Records shown —
####################
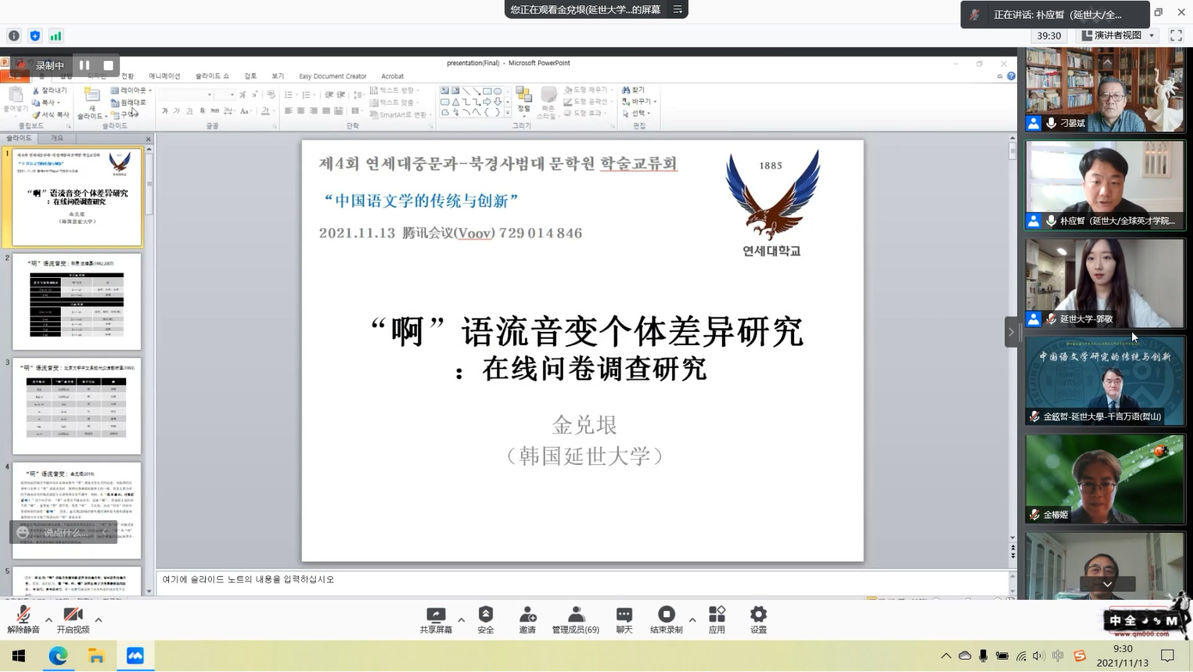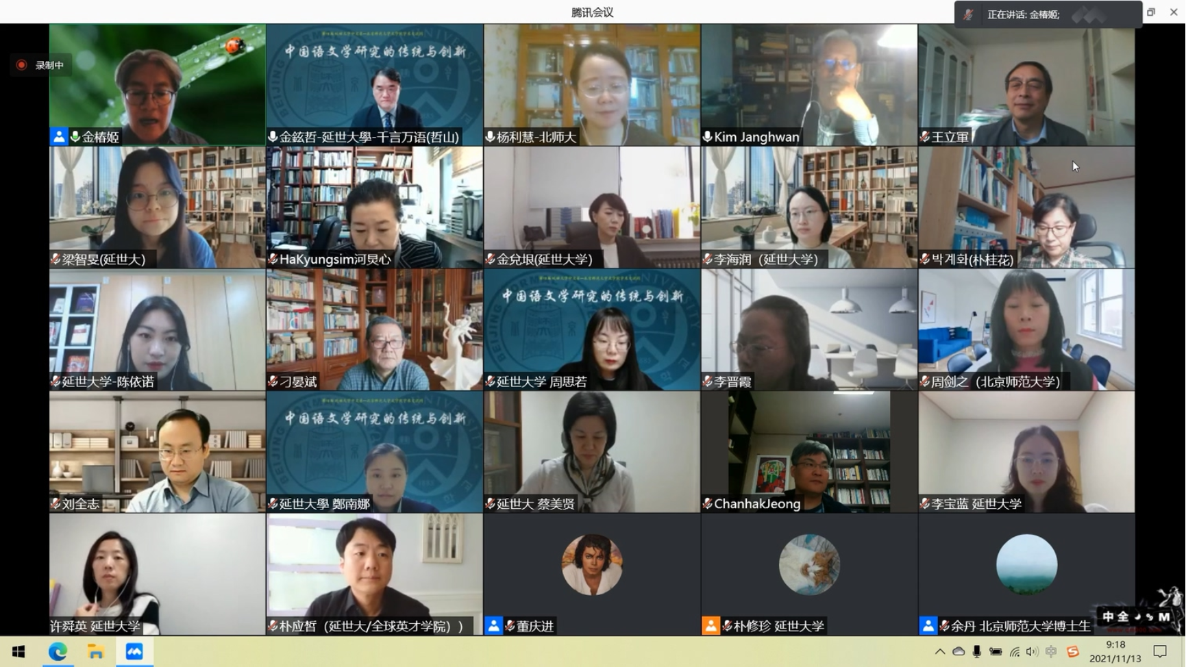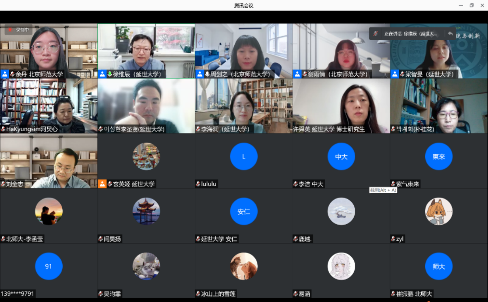 2021年11月13日,“中国语文学研究的传统与创新——第四届韩国延世大学中文系-云顶集团welcome官网学术交流周”在腾讯会议线上成功举行。此次国际论坛由韩国延世大学中文系主办,云顶集团welcome官网与国际文化交流学术联盟-文学专委会共同协办。来自两院系的26位专家学者和博士研究生分为5个会场,针对“语法学”“音韵学”“文学和思想”“古代文学”“神话学”等领域中的前沿学术问题,展开了热烈的交流与讨论。共约400余人次中韩学者和学生参与了本次前沿论坛。 北京时间上午9时,论坛开幕式正式开始,由延世大学金椿姬教授主持,延世大学文学院院长金铉哲教授致欢迎辞,北师大文学院院长、国际文化交流学术联盟理事王立军教授以及延世大学人文学研究院院长金长焕教授分别致辞。延世大学河炅心、朴应皙、金兑垠、金椿姬、徐维辰等教授,我院杨利慧、刁晏斌、李晋霞、周剑之、刘全志等教授和副教授,以及两校近百名专家学者和学生参加了开幕式。 金铉哲院长在欢迎辞中阐述了中国语文学研究的重要意义,并指出中国语文学研究不仅要在某个特定领域进行,而且应当在语言、文学、文化等各个领域,通过相互融合的方式进行深入考察,以此促进该学科在两院及两国的均衡和良性发展。金院长强调了此次会议的重要意义并展望了中国语文学的未来发展前景,最后表达了对双方办会人员以及与会师生的衷心感谢和热烈欢迎,并预祝论坛圆满成功。 王立军院长首先回顾了两院系学术交流周的发展历程。第一届和第二届交流周分别于2018年和2019年在我院和延世大学中文系召开,双方围绕中国语文学的各个议题,通过专题研讨、学者对谈、博士生论坛等多种形式展开了一系列交流活动。2020年由于新冠疫情的爆发,使第三届活动转为线上开展,中韩双方就中文学科的前沿问题开展了热烈的讨论。本次交流周活动继续克服疫情带来的种种不便,成功按时在线召开,彰显出两院系师生的极大热情。王院长指出,今年交流周的主题为“中国语文学研究的传统与创新”,涉及了语言、文学、文化的多个领域,中韩师生将深入交流和研讨双方最新的研究成果。四年来,两院系之间持续开展的交流周活动已经成为北师大文学院的国际化品牌之一,通过交流周,两院系之间加强了相互了解和合作。希望未来双方继续深入交流,并由此深化中韩两国传统友谊。最后,王院长对主办方延世大学中文系以及为本次论坛的顺利召开付出诸多努力的双方师生表示了衷心感谢,并预祝本次学术交流活动圆满成功。 延世大学金长焕院长对本次交流周的召开表示了衷心祝贺,对促成本次活动顺利举办的各位老师同学表示感谢,并指出虽然今年的研讨会不可避免地在线上举行,但是希望明年的活动可以在线下面对面地开展讨论。 开幕式过后,参会的学者和博士生们分为5个专场进行了学术发表和交流。 上午的论坛共有两个专场。首先是语法/音韵学研讨专场。其中延世大学金兑垠教授作了题为“‘啊’语流音变个体差异研究:在线问卷调查研究”的报告,指出“啊”语流音变在教材和实际使用中的变调并不相同,并通过在线问卷调查和详细的数据分析呈现证明了这一点,调查证明,性别、年龄、普通话使用时间、使用者所在方言区等因素都会或多或少地影响“啊”的语流音变。北京师范大学刁晏斌教授作了题为“‘无色’指人名词初探”的报告,认为“无色”指人名词具有表示泛指义、包含强烈的粘着性和对修饰成分有强烈的选择性三个突出特点,并以“人员”等词为例说明了其在高频的使用中的发展变化。延世大学博士生郭敬作了题为“‘看’的可能补语搭配分析——以‘看不X’为中心”的报告,按照“看”的不同义项分类,详尽地考察了各个“看不X”结构中,并用概念整合理论对该结构的整合程度进行了分级。延世大学博士生周思若作了题为“汉语紧缩句宏事件分析”的报告,介绍了国外最新的宏事件理论并用该理论分析汉语紧缩句,并从紧缩句所表示的宏事件类型对紧缩句进行宏观和微观的分类,总结了紧缩句中主事件的五种类型。 “文学和思想研讨专场”由我院古代文学所副所长周剑之副教授主持,发言人包括徐维辰、刘全志、朴桂花、崔振鹏,发言结束后展开了热烈的讨论。徐维辰教授和朴桂花老师表示北师大师生的发言都十分精彩,希望以后继续多多学习。我院刘全志副教授表示徐维辰教授的论文把握住了清末民初历史小说到科学小说的转变,与当时的社会现实密切相关;朴桂花老师的论文论述促织故事的创新,文本涉及诗、词、笔记、小说等各类文体。徐维辰回应科学和科幻小说的区别在于科学小说相信其中描绘的东西不是一种幻想,在未来能够实现。朴桂花回应今后将寻找更多蟋蟀和促织的相关文献。在评议环节,周剑之认为徐教授抓住了小说模式的转变以及其间所贯通的批判现实精神;朴老师对促织故事的梳理全面细致,分析了蒲松龄对传统的吸收和创造,并且由此联想到中国古代的离魂故事;肯定了刘老师对于“解祠”的论述,是民俗、文化、制度的综合性研究;认为崔振鹏的论文从春秋学的角度揭示了杨维桢乐府诗的成就。在提问环节,延世大学金长焕教授向刘老师提问“枭”与“鸱鸮”之间的区别,以及中国现在是否还有食“枭羹”的习俗,刘
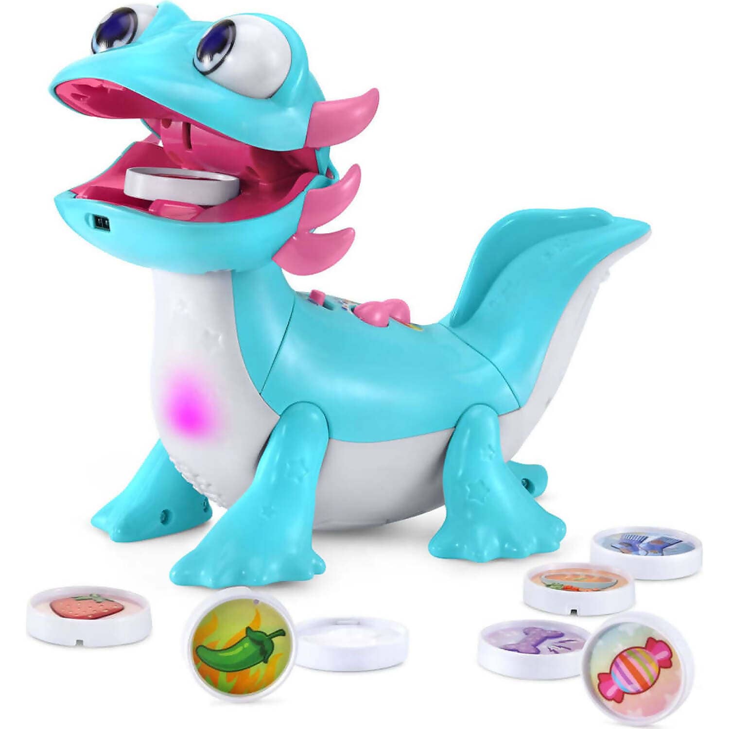 Tasty Treats Axolotl is a hungry Axolotl with a big appetite! Hold a snack piece under his nose so he can sniff it, then feed him when he sticks out his tongue. Watch his belly light up as he reacts to each snack and describes the colour, smell and taste of what he's eating.
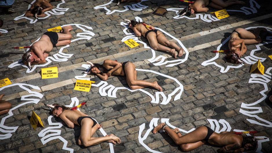Son ya 16 años consecutivos donde defensores de los derechos de los animales, entre otras actividades, se desnudan parcialmente y colocan banderillas simuladas clavadas en su cuerpo para concienciar sobre lo que ellos creen que es la crueldad de la fiesta y que incluyen las corridas y los encierros.
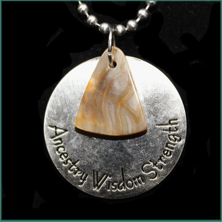 This pendant features a small drilled Petrified Wood bead and a stainless steel medallion featuring the words, "Ancestry, Wisdom, Strength." Hangs on a 20" stainless ball chain.
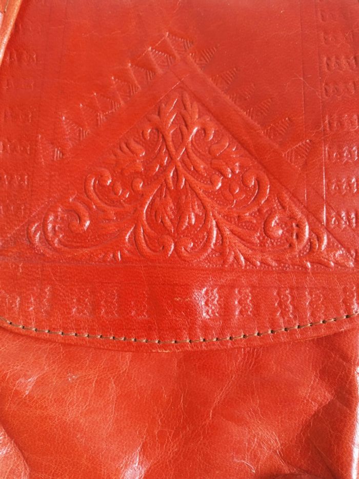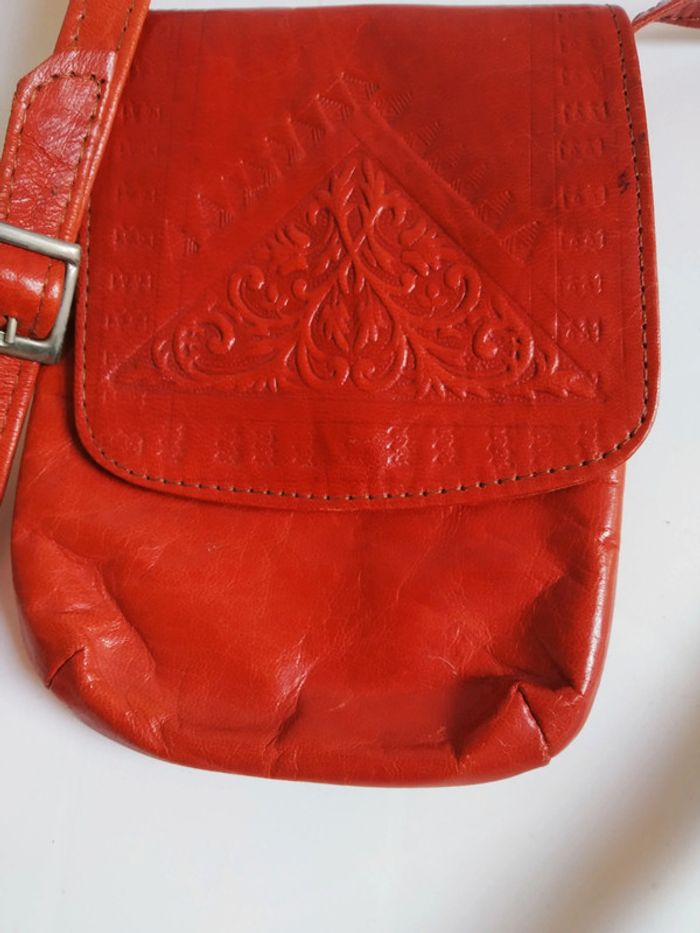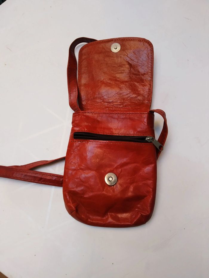Petite pochette 18cm de haut, en cuir, 1 grande poche intérieure plus 1 petite à l intérieur plus une autre poche à l extérieur avec fermeture éclair. Bandoulière 55cm
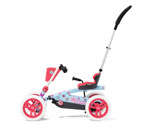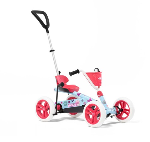 Fjórhjólið er með stillanlegri foreldrastöng til að hjálpa barninu meðan það er að læra að hjóla. Einfalt að taka handfangið af þegar barnið er tilbúið að hjóla sjálft. Einfalt að aftengja fótstigin, hafa það fríhjólandi, þannig að barnið geti hvílt fætur á því á meðan því er ýtt áfram með handfanginu og þá hreyfast ekki pedalarnir. Einnig er hægt að festa stýrið.
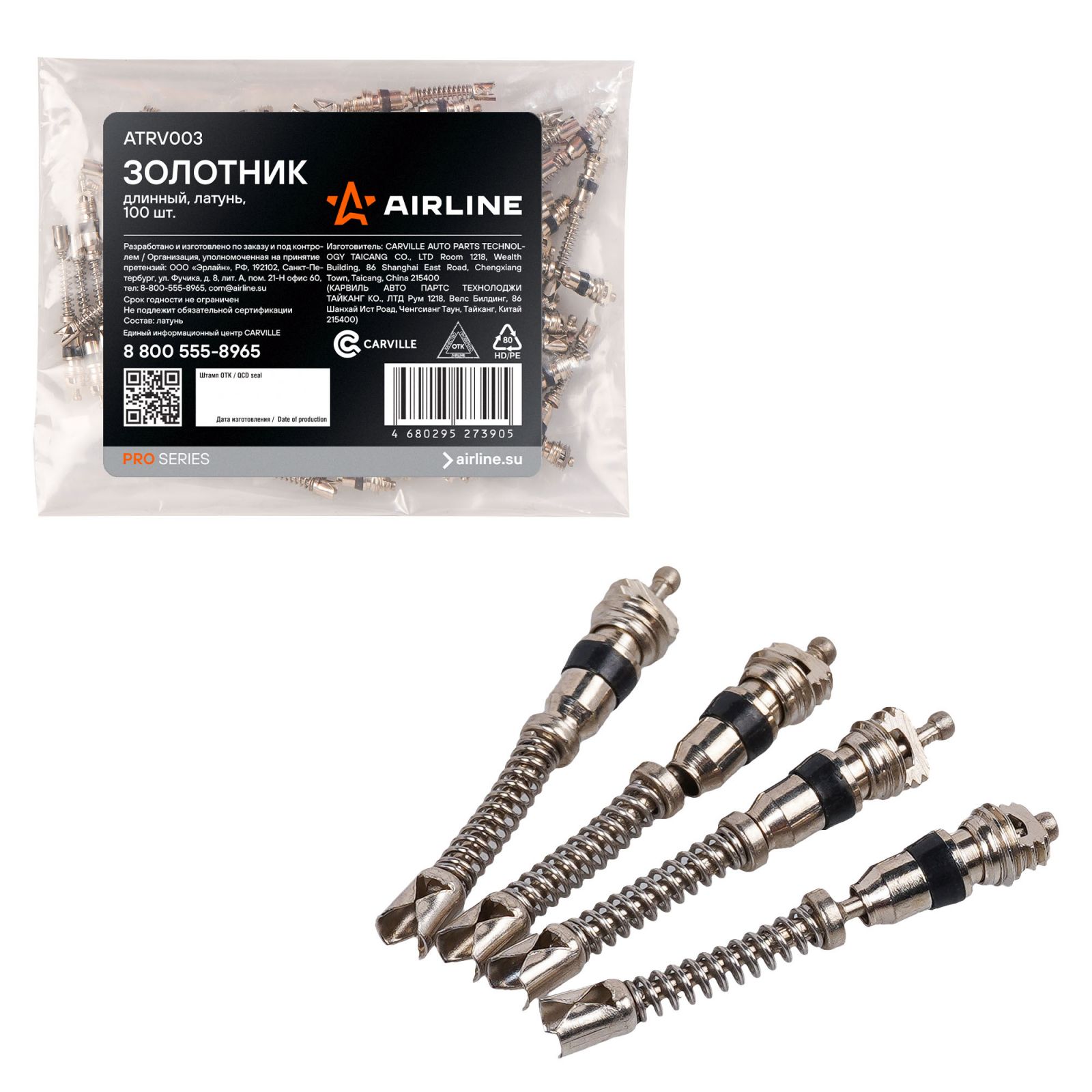 Золотник (ниппель) длинный PRO, латунь, 100 шт. (ATRV003)
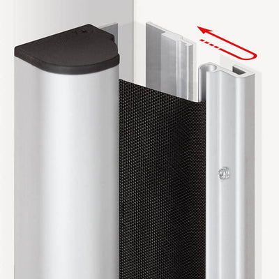 Astro Finger Defender RPQR - quick release system is a high quality finger guard with resilient blind. When the door opens the roller blind extends to prevent fingers entering the cavity formed between the edge of the door and door frame. A hard wearing synthetic fibre fabric which is mountable, removable, washable and also fire retardant B1 treated.
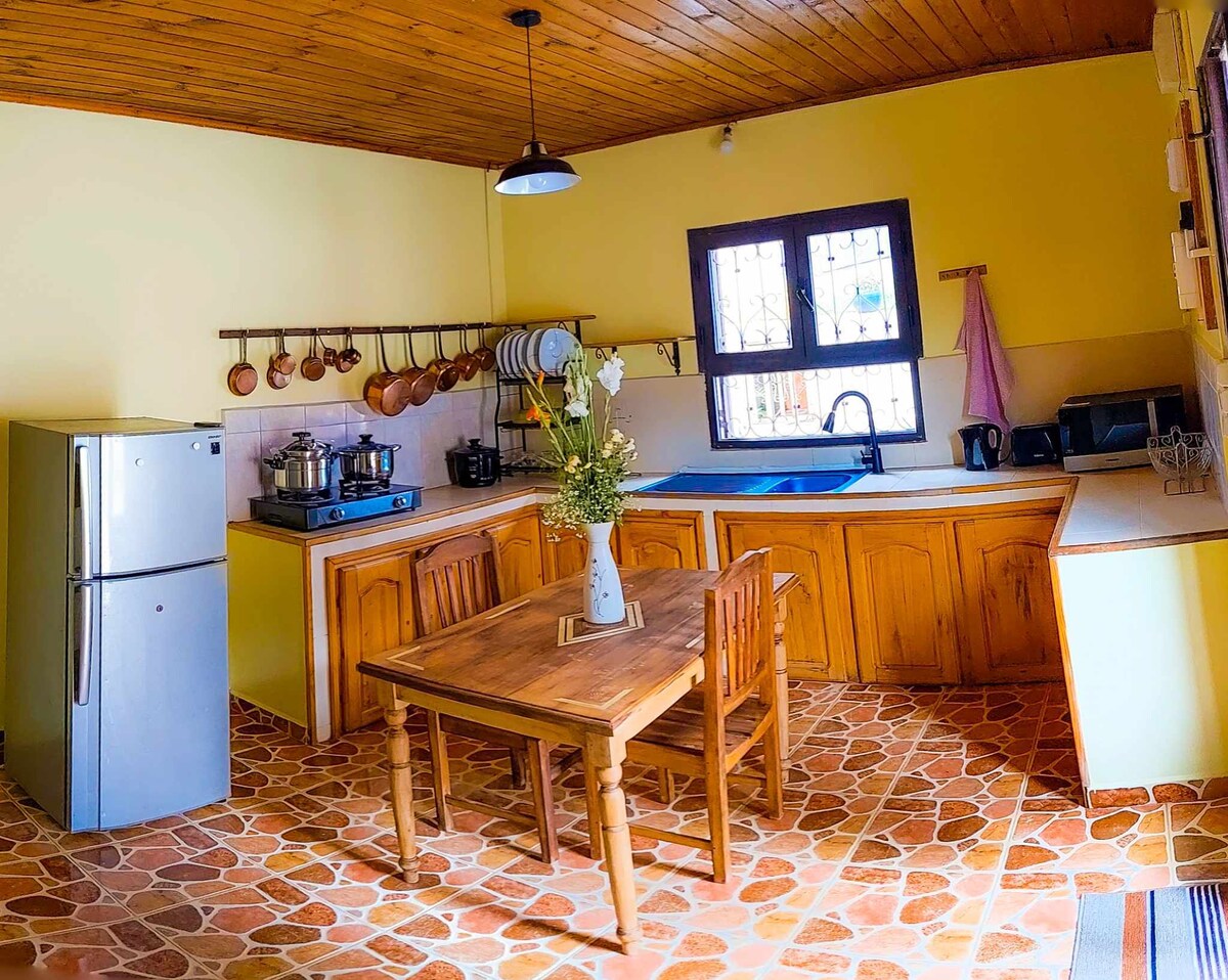 La maison vous offre une immersion locale unique dans un village paisible. Idéalement située à seulement 30 minutes de l'aéroport et proche des commodités accessibles à pied, elle allie le charme rustique au confort moderne. Vous profiterez d'un logement entier et sécurisé, conçu pour la détente, avec des installations de loisirs et une magnifique terrasse sur le toit offrant une vue dégagée sur le palais royal. Location de voiture et service d'une cuisinière privée sont disponibles sur demande.
####################
Task to carry out — Write the lines from the line containing "Astro Finger Defender" through the last line of the data out again exactly, and only those lines; pictures stay out.

Your solution —
 Astro Finger Defender RPQR - quick release system is a high quality finger guard with resilient blind. When the door opens the roller blind extends to prevent fingers entering the cavity formed between the edge of the door and door frame. A hard wearing synthetic fibre fabric which is mountable, removable, washable and also fire retardant B1 treated.
 La maison vous offre une immersion locale unique dans un village paisible. Idéalement située à seulement 30 minutes de l'aéroport et proche des commodités accessibles à pied, elle allie le charme rustique au confort moderne. Vous profiterez d'un logement entier et sécurisé, conçu pour la détente, avec des installations de loisirs et une magnifique terrasse sur le toit offrant une vue dégagée sur le palais royal. Location de voiture et service d'une cuisinière privée sont disponibles sur demande.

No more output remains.